▶ **What you will do**: For the word "MACK", count the lines of the listing that contain it and give only the count.

▶ **Exercise data**:
== Segment start ==

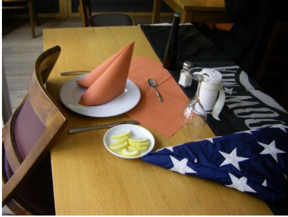
Symbolic table for 3^{rd} Infantry Division's POWs and MIAs at the dinner
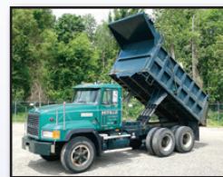
'99 MACK CL713 (57,994 MILES)

1999 MACK CL713 Tandem Axle Dump, Mack E7-460, 460HP diesel engine and Maxitorque T2180, 18 speed transmission, 58,000 lb rears, 20,000 lb front axle, Bristol Donald 15' heated steel dump body with (4) 10 ton hoist cylinders and subframe, power tarp, air gate, 2-stage engine brake, power divider, camelback suspension, air ride cab and seat, cruise control, ac, and 12.00R24 tires. In very good condition with good tires. (Odometer Reads 057,994 Miles) (Meter Reads 04,390 Hours)

== Segment end ==

▶ **Solution to this problem**: 2